I often read or hear (and sometimes espouse) annoyance at the birth of the “selfie” – shots people take of themselves with their phones to post on social media.  At least, with a selfie, people are being upfront: “this is me, taking a picture of myself, so you can look at it.”  candid4There seems to be something sadder about a picture that says: “I’m posing like this so that you think this is how I spend my time naturally, even though I’ve been looking around this tree trunk at nothing for thirty seconds and I’m sucking in my stomach.  Also, I live in Sepiaworld.”

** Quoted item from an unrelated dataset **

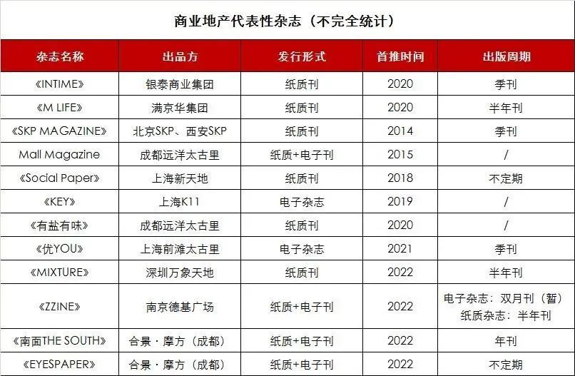 深入分析后發(fā)現(xiàn),率先做雜志的這批購(gòu)物中心多是全國(guó)性的高端商場(chǎng),且大多定位年輕化。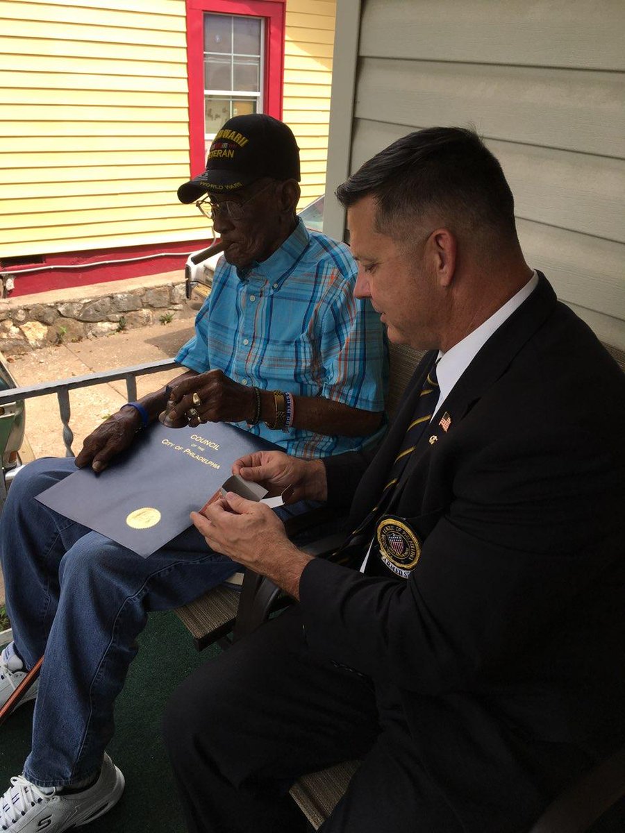 Happy 112th Birthday to WWII veteran Mr. Overton! Capt Lou Cavaliere and Andre McCoy presented a Philadelphia Citation and challenge coin to him in Texas recently to commemorate this monumental birthday...Thank you sir for your service and blessings for a beautiful year ahead.pic.twitter.com/XfvqZsntXR

To prove my point, here are some shots of me that are totally candid and NOT AT ALL set up.  This is my real life, baby:

Me, writing a check

Me, writing a check

Me, taking out the trash

Me, taking out the trash

Me, brushing my teeth

Me, brushing my teeth

 

One thought on “Selfies, Candids, and Zombies

  1. Aunt Janice

    OK, I have often said that I think people just take too many pictures nowadays, period. If I had a normal blog like this one and could choose topics at random (instead of always having to be about books and reading, that is), I would have written a post about this long ago.

    Anyhoo, when I go places and see people snapping away every second, I often wonder how they will remember their time at that place. Will they remember the beautiful scenery, the history, the people and conversation? Or will they only be able to remember by looking at the photographs they took every moment?

    In other words, people are living life through their viewfinders, when they should be living it through their senses and memories.

    I would challenge people to go for an all-day outing without taking a single picture. Then either write about it or tell someone about it in detail afterward. Remember it — savor the experience, not the pictures.